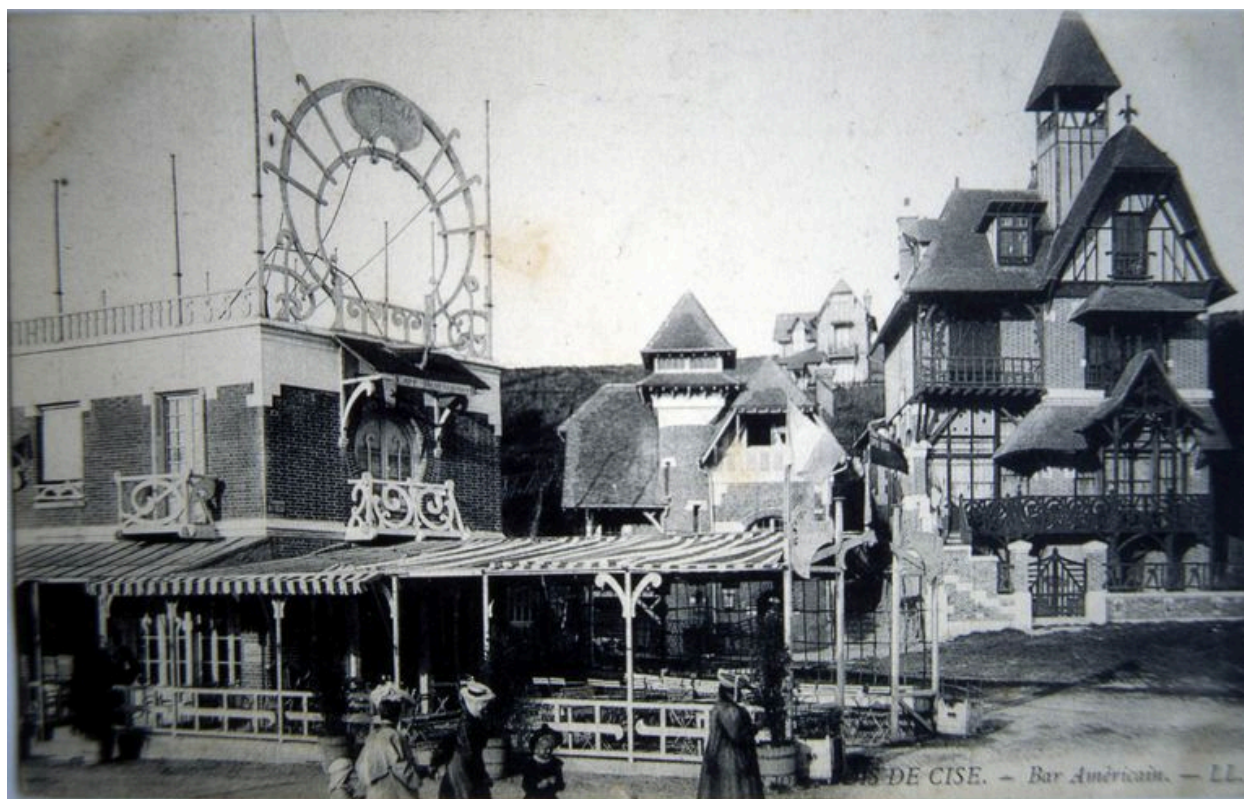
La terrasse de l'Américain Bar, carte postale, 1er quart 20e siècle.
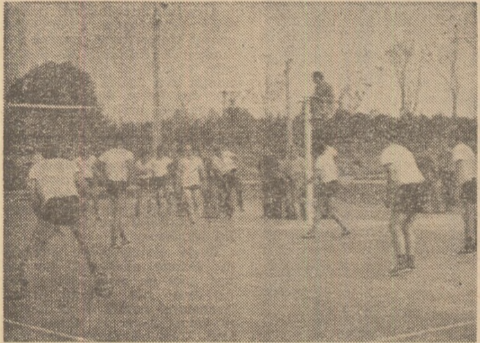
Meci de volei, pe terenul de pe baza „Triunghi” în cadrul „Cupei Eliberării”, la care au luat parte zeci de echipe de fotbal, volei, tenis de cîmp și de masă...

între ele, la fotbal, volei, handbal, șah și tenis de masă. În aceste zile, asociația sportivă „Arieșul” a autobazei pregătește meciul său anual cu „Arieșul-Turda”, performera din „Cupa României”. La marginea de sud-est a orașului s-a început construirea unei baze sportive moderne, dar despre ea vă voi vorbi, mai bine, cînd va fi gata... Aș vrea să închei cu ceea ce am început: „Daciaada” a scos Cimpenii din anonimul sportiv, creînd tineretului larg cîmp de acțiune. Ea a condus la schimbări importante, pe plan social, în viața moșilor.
* * *
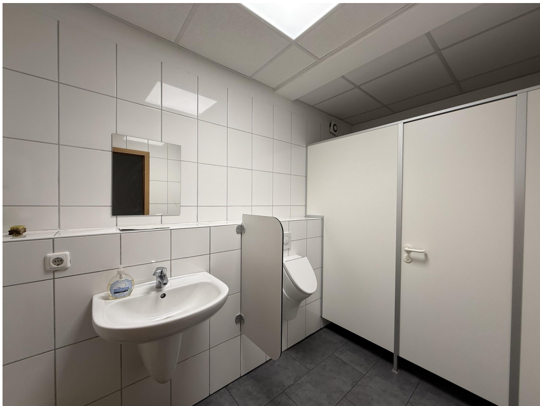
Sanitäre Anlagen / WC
...
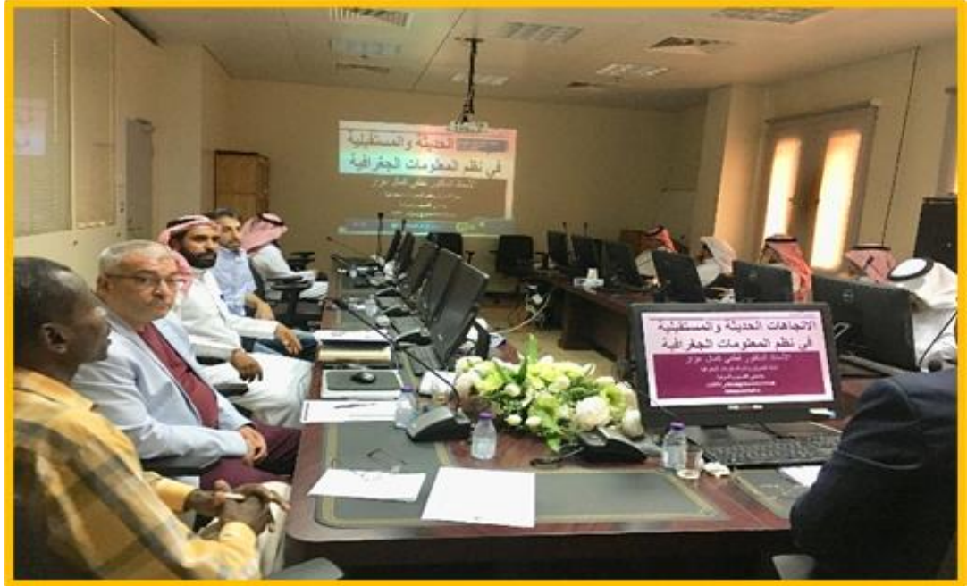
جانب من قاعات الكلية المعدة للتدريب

**Task item:**
Please go through the listing and return each line that has "volei" in it.

**Problem solution:**
Meci de volei, pe terenul de pe baza „Triunghi” în cadrul „Cupei Eliberării”, la care au luat parte zeci de echipe de fotbal, volei, tenis de cîmp și de masă...
între ele, la fotbal, volei, handbal, șah și tenis de masă. În aceste zile, asociația sportivă „Arieșul” a autobazei pregătește meciul său anual cu „Arieșul-Turda”, performera din „Cupa României”. La marginea de sud-est a orașului s-a început construirea unei baze sportive moderne, dar despre ea vă voi vorbi, mai bine, cînd va fi gata... Aș vrea să închei cu ceea ce am început: „Daciaada” a scos Cimpenii din anonimul sportiv, creînd tineretului larg cîmp de acțiune. Ea a condus la schimbări importante, pe plan social, în viața moșilor.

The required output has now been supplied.